By Shehan Daniel reporting from Tokyo, Japan
At the 30-metre mark of his 100m heat on Saturday, you could sense that Yupun Abeykoon’s Olympic debut was probably not going to go as planned.
A bad start, despite a quick reaction to the starting gun, found Abeykoon lingering at the back of the pack, a position he would not be able to make up over the rest of the race.
He tried, moving up one place as he drove to the finish, but a combination of the sheer pace of the leaders and his own mistake meant that Abeykoon could not put in the performance that he, and those who have been following his meteoric rise, would have expected.
Abeykoon spoke, in the lead up to the Olympics, about those expectations that have been placed on him, being the first Sri Lankan in 25 years to run in the Men’s 100m at the Olympics.
He had, after all, bettered the national 100m record thrice in the last 12 months.
But he also said he was realistic in his expectations – a personal best more attainable than a medal; qualification to a semi-final more achievable than running in today’s final.
Ultimately, he was two-tenths of a second slower than the national record which he currently holds, good only for a sixth-place finish in his heat and not good enough to earn him a place in yesterday’s semi-finals.
“I was ready to do something great today, but unfortunately I wasn’t able to do that,” Abeykoon said after the race. “I’m really disappointed about the time I ran. I didn’t come here to run that kind of time. I was confident in how I set up my blocks and how it felt.”
Abeykoon could not put his finger on what exactly his mistake was, but he was keen to find and fix it.
“I’m disappointed because in a nine-second race like this, if you make a mistake it is difficult to fix. A lot of people back in Sri Lanka were expecting me to do something good. It’s difficult to win a medal here, but I wanted to better my own time. I can’t say what went wrong, but I made a mistake over the first 30 metres and that was the reason for this result. I will talk to my coach, rewatch the race and see where I can improve,” Abeykoon said in his immediate assessment of the race. For his coach, former Italian 400m sprinter Claudio Licciardello, the underwhelming run in Tokyo is all part of Abeykoon’s journey to becoming a world-class athlete.
“It’s part of the journey. When you get to the top level, and you don’t have enough race in the legs and the experience on the big stage, it is so tough to try to get the best. For the future I am sure it will be easier to compete in the top level, and we shouldn’t forget that in January we were with zero points of rankings,” Licciardello said. He commended the work that Abeykoon did ahead of the Olympics, sealing a direct qualification spot for the Olympics in just six months.
“He did very hard work out to get to the Olympic, so it was not simple. After one year of workout he goes and competes in the indoor season, he was in top shape in June, it is not so easy to maintain that kind of shape until August. Some tension is part of the growing up of an athlete. I’m sure he will do his best for the next events and in the next year. There are a lot of challenges for us, so we’ll be good,” Licciardello added.

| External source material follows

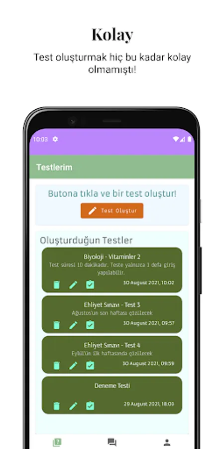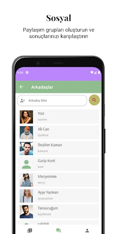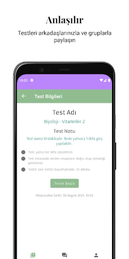 You can share the tests you have created with your friends or groups, and view the results of the users who have solved the test.
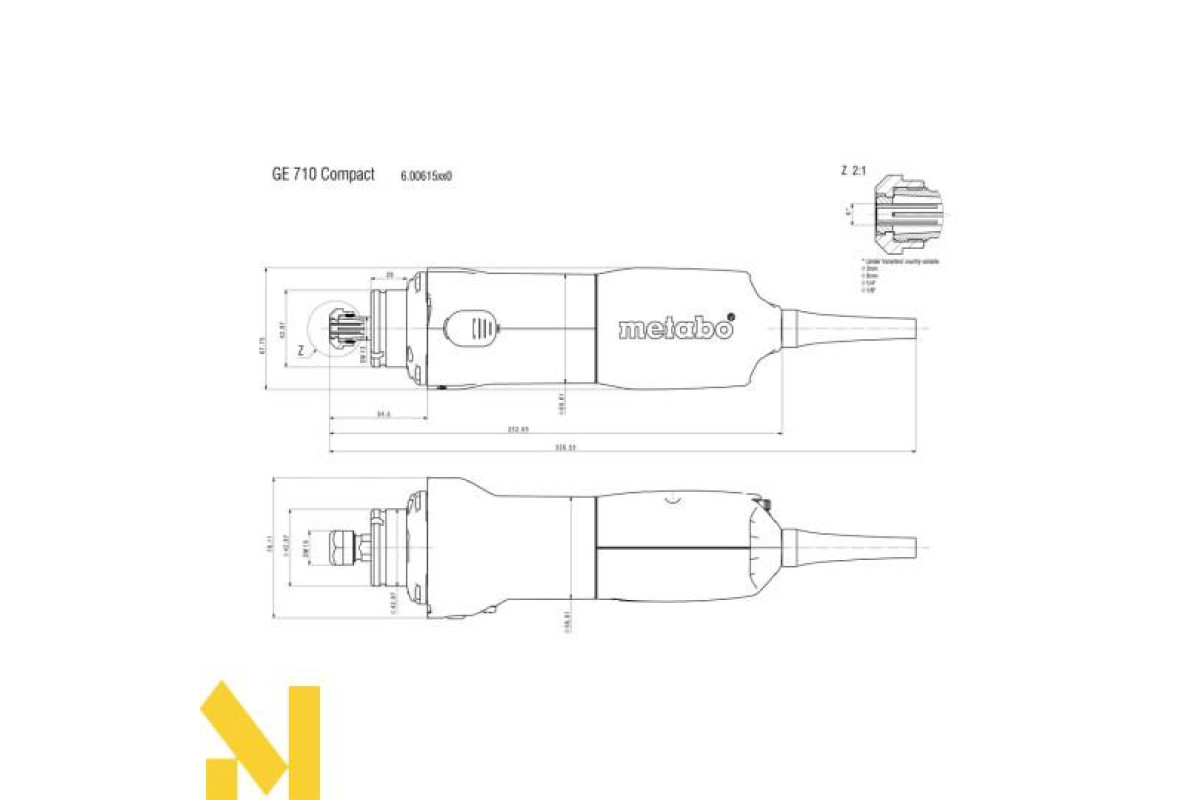 - Висока точність роботи Metabo GE 710 Compact забезпечується високоякісним шліфонним цанговим затискачем

At 26, Abeykoon’s window of opportunity is fast closing, and the three years between now and Paris 2024 will be crucial for the Italy-based athlete.
In between he’ll have the World Athletics Championships, the Asian Games and the Commonwealth Games, events where he could leave a mark that no other Sri Lankan has left before.
And if the past is anything to go by, the future looks bright for Abeykoon, even if the present carries a sense of disappointment.